En parlant du design des créatures, il faut également saluer le style de dessin de l’auteur, qui n’a pas pris une ride. Certains pourront reprocher à Kazuo Umezu de manquer de renouvellement dans la création de ses personnages, car d’une œuvre à l’autre, on retrouve beaucoup de similitudes. Mais, comme pour Junji Ito, ces deux maîtres de l’horreur peuvent se targuer d’avoir un style de dessin qui leur est propre et d’avoir eu une carrière des plus prolifiques. En plus des mangas, ils ont également dessiné plusieurs histoires courtes, ce qui excuse en partie la répétition de certains motifs.
Pour revenir une dernière fois sur l’aspect graphique de l’œuvre, il faut admettre que jamais Kazuo Umezu n’a proposé une œuvre aussi maîtrisée. Son style, dépeignant des scènes souvent très sombres, s’adapte parfaitement à cet univers désertique.

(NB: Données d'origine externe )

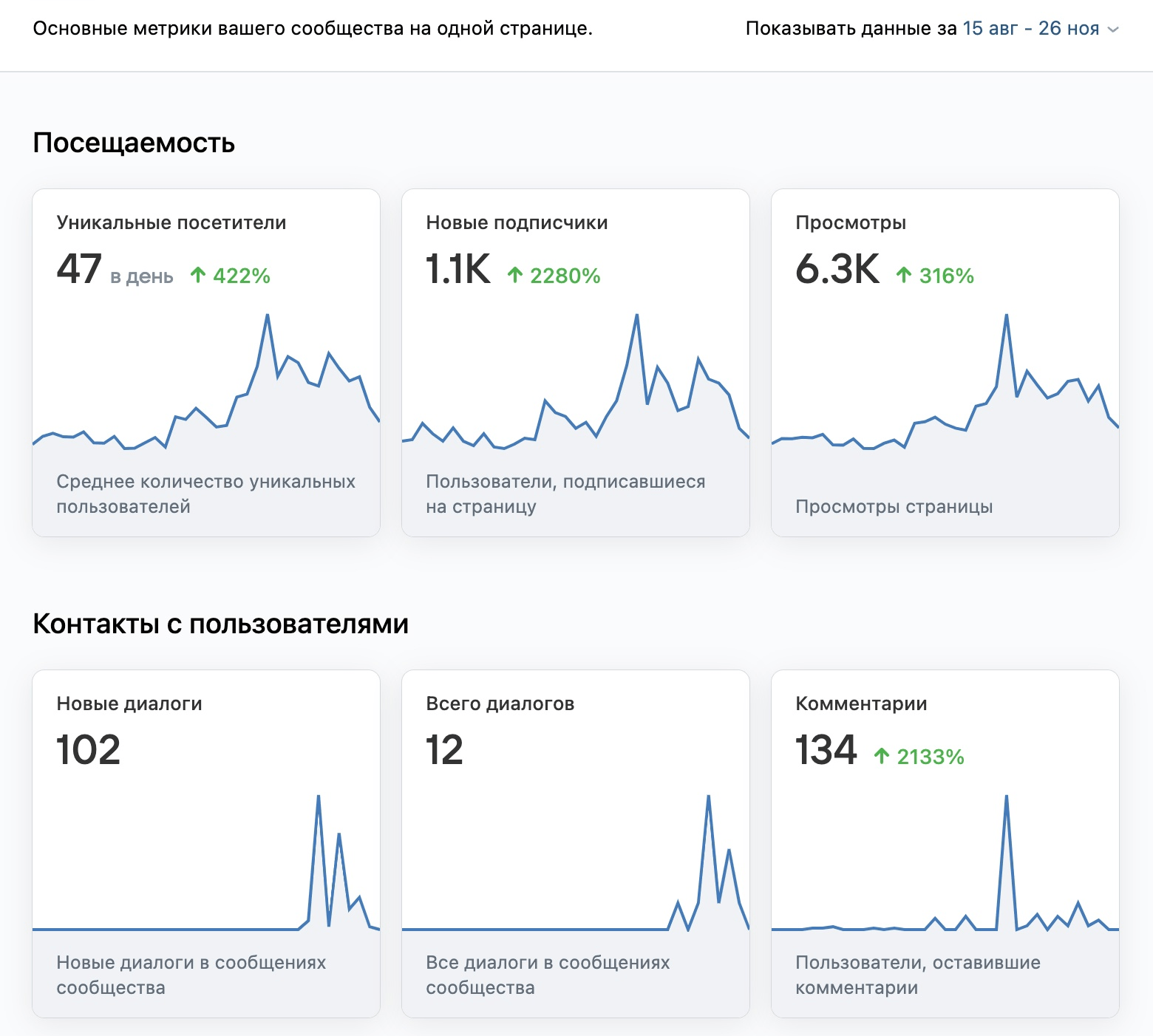 Дополнительно, наблюдалось увеличение статистики посещаемости группы и значительный рост переходов на сайт. И заявки на обучение в сообщения группы

Avec un ciel couvert en permanence et des espaces souvent confinés, le lecteur se sent oppressé, et le format du manga n’y est pas pour rien. Cette lecture n’est possible qu’au format A3, contrairement aux autres œuvres de l’auteur, qui ont déjà été rééditées en formats plus grands. Ici, ce choix de format renforce l’ambiance cauchemardesque de l’histoire.
On peut toutefois reprocher à l’œuvre quelques facilités scénaristiques. En effet, l’auteur se permet, sans explication, de rendre deux personnages télépathes. (et j'éviterai de trop en dire) Cependant, au milieu de tant de suspense et d’événements terrifiants, cela passe sans être trop choquant. N’oublions pas que L’École emportée s’inscrit dans le registre du fantastique et de l’horreur, où il n’est pas toujours nécessaire de tout expliquer. Comme le dit si bien Stephen King, ce serait contraire à la poésie de la peur. Cela dit, la fin peut sembler un peu facile et a divisé certains lecteurs.

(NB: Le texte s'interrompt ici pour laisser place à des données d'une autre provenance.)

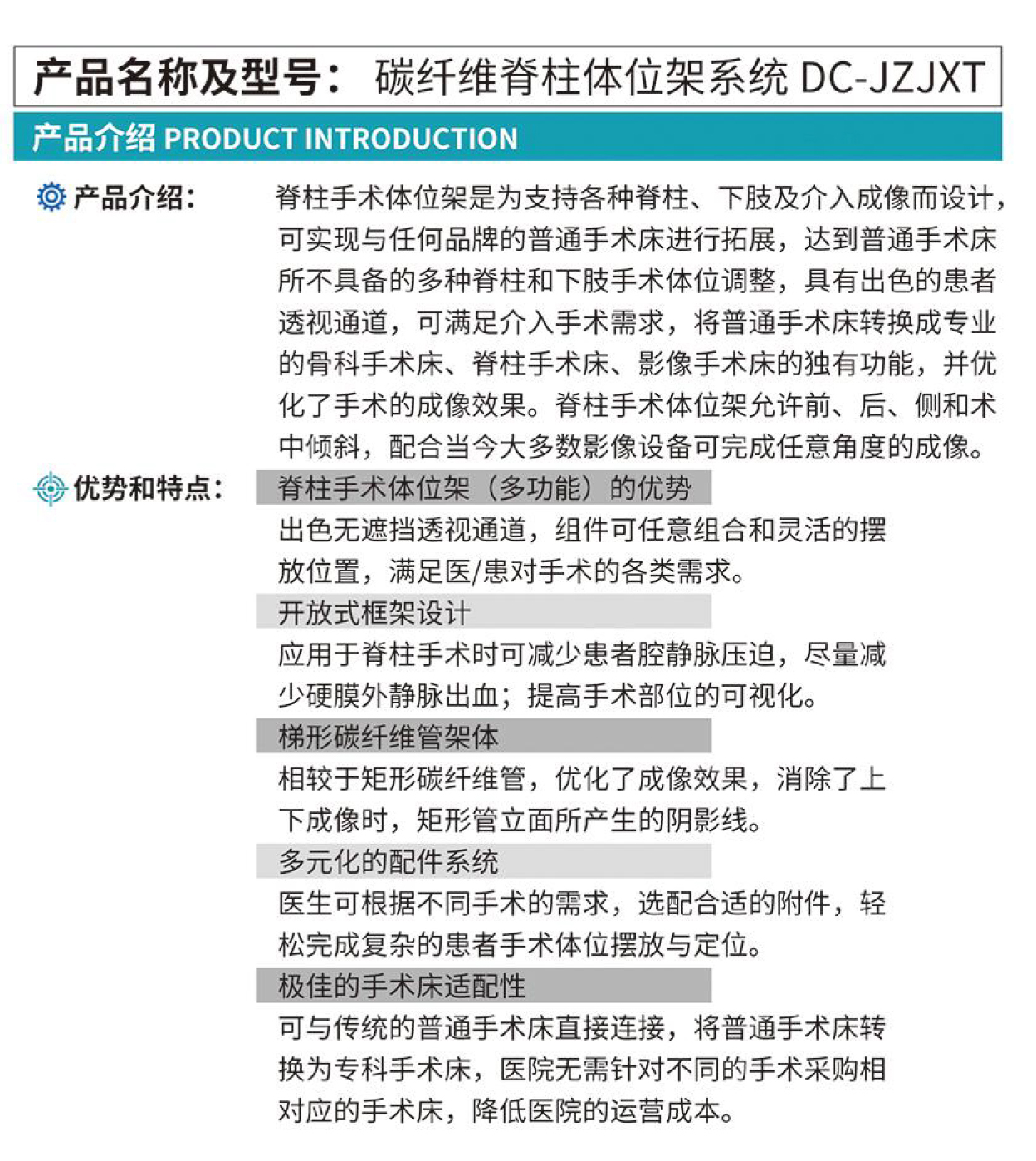 碳纖維脊柱體位架系統(tǒng)DC-JZJXT

Plus qu’un simple manga d’horreur aux qualités indéniables, L’École emportée est un objet fascinant. Publiée en 1972, l’œuvre de Kazuo Umezu semble puiser dans son enfance, marquée par la Seconde Guerre mondiale. Tout comme le cinéma de Kurosawa, cette œuvre inspire le plus grand respect. Parvenir à une telle qualité à une époque où le Japon se relevait difficilement d’un conflit est digne du miracle… ou plutôt du génie.

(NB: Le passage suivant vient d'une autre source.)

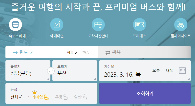 성남 고속버스터미널 시간표를 확인하기 위해서 고속버스 통합예매 홈페이지을 접속하시면 가운데에 예매하는 메뉴가 있습니다. 편도인지 왕복인지를 체크를 합니다. 출발지를 성남으로 선택하고 도착지를 부산으로 선택하였습니다. 가는날짜를 (2023.03.16) 선택하고 조회를 클릭합니다.

L’École emportée est l’un des plus grands classiques du manga, ni plus ni moins. C’est une œuvre à la fois cruelle et empreinte de naïveté. Avec l’élégance de sa narration, elle nous invite à revenir aux origines du manga entre deux tomes de Naruto. Une chose est certaine : cette histoire ne laisse personne indifférent, tant par son récit que par la manière dont elle est racontée. Composée de six tomes, cette saga se dévore rapidement, grâce au suspense et aux mystères maintenus jusqu’aux derniers instants. Avec la cruauté de ses événements, ce manga n’est pas à mettre entre toutes les mains, mais il s’agit d’un classique trop peu connu qu’il faut absolument lire.
J’ai fait de mon mieux pour vous en dire le minimum tout en vous donnant envie de découvrir ce chef-d’œuvre. Il est d’ailleurs encore disponible chez vos libraires, aux éditions Glénat.
Edit; un mot sur la nouvelle édition:
J'avais vendu toute ma collection et quand j'ai vu que je pouvais me reprocurer le manga, dans une meilleure édition, bien plus grande... C'est un gros plaisir que j'ai à me replonger dans le cauchemars et bien que le premier tome est encore un peu long à introduire le tous, c'est toujours un chef d'oeuvre.